Кувалда и Би переглядываются.
Официантка, несущая им еду, переступает через лужицу. Пока они разбирают свои тарелки и приборы, Дакворт размышляет.
Кувалда откусывает кусочек. Хмурится.
— Хе. — Но тут до Би наконец-таки доходит: — Твои зубы.
— Я вставила новые. Никакого серебра. У нового стоматолога.
— Выглядит мило.
Кувалда улыбается и меняет тему.
— Почему без соуса? — спрашивает она.
Би останавливает официантку. Пишет что-то на салфетке и протягивает ей. Она смотрит на него и кивает. Без проблем.
— Что ты ей дал? — интересуется Кувалда.
— Схему, — говорит Би.
Как только официантка уходит, слово снова берет Дакворт, бисирующий против желания публики.

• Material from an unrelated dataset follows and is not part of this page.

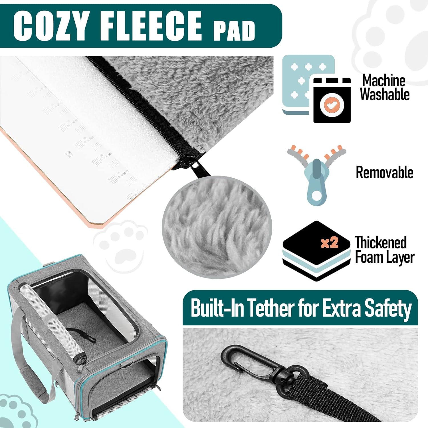 - Secured with auto-locking zippers, your pet can't escape easily by pushing against the zipper from the inside. An inner tether for extra safety. A reflective stripe on the side helps you feel at ease when you walking the dog at night

— Грядет новая волна, — вещает он. — Буря шедевров, возрождение искусства, столь ошеломительно прекрасного, что даже я не могу, а вы уж и подавно не сможете его описать. А весь ваш тяжелый труд, ваши жертвы, ваша учеба, ваше ремесло… — (драматическая пауза), — окажутся напрасными. — Он делает глоток. Снимает бабочку, выходит на середину бара и осматривается. — Никто из вас мне никогда особенно не нравился. Но, по крайней мере, я уважал вас. Пытался пропагандировать лучших из вас. А теперь… — Критик швыряет свою фирменную клетчатую бабочку на землю. — Мы никому не нужны.

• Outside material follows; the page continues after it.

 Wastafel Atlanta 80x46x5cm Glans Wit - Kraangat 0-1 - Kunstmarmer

Его монолог не удостаивается аплодисментов. Лишь нескольких пренебрежительных вздохов.
Дакворт, спотыкаясь, подходит к Кувалде и Би. Оглядывает Кувалду с ног до головы, отводит взгляд и поворачивается к Би — этот явно художник.
— Как ваше име?
— Угадайте. Хе.
Дакворт:
— Роберт Беллио. Я вас знаю.
Кувалда фыркает.
— Тогда вы должны знать и Кувалду, — говорит Би. Дакворт поворачивается к ней.
— А, «Гребаное искусство». Точно. И выставка туалетных полароидов. Такая омерзительная. Марсель Дюшан ею гордился бы, — говорит он. Пауза, на сей раз не драматическая. — Вы хорошо чините туалеты.
Дакворт вздыхает, и это словно лишает его запала. Он опирается рукой на их стол. Плечи его никнут, и представление наконец заканчивается. Сейчас он вместе с родными и близкими, которых вынудили прийти, выдав билеты на стоячие места. Хотя критик уже не на сцене, он явно до сих пор анализирует свое выступление. Вспоминает пропущенные реплики, забытые мизансцены. Запоздалый выход. Наконец он поднимает взгляд на Би и Кувалду. Смотрит на их стаканы с водой. Наклоняется вперед с тем заговорщическим видом, который сигнализирует любому, кто когда-либо слышал хорошую байку о баре, что этого нельзя пропустить. Друзья слегка подаются к Дакворту, сохраняя равновесие на случай, если потребуется быстренько сбежать.
— Я Хуан Понсе де Леон {39}, и я открыл фонтан.
Би и Кувалда переглядываются.
— А, фонтан?
— Тот, кто выпьет из этого фонтана, сможет создать художественный шедевр. Но только один. Независимо от навыков, подготовки, сердца и, осмелюсь сказать, души. Мгновенное бессмертие, — говорит Дакворт. Он произносит это особым тоном. Тоном герольда. И умолкает. История закончена.
— Чушь собачья, — говорит Кувалда.
— Неужели? — возражает Дакворт и стучит по газетной заметке, лежащей у них на столе. Заметке, посвященной Тимми. И Табби, новоявленной великой художнице. Художнице, за месяц добившейся большего успеха (определяемого вниманием СМИ, материальными выгодами и наличием поклонников), чем Би и Кувалда, вместе взятые, за многие, многие годы. Затем он швыряет на стол охапку газетных вырезок и распечаток других статей. Других критиков. Элиты. — Неужели?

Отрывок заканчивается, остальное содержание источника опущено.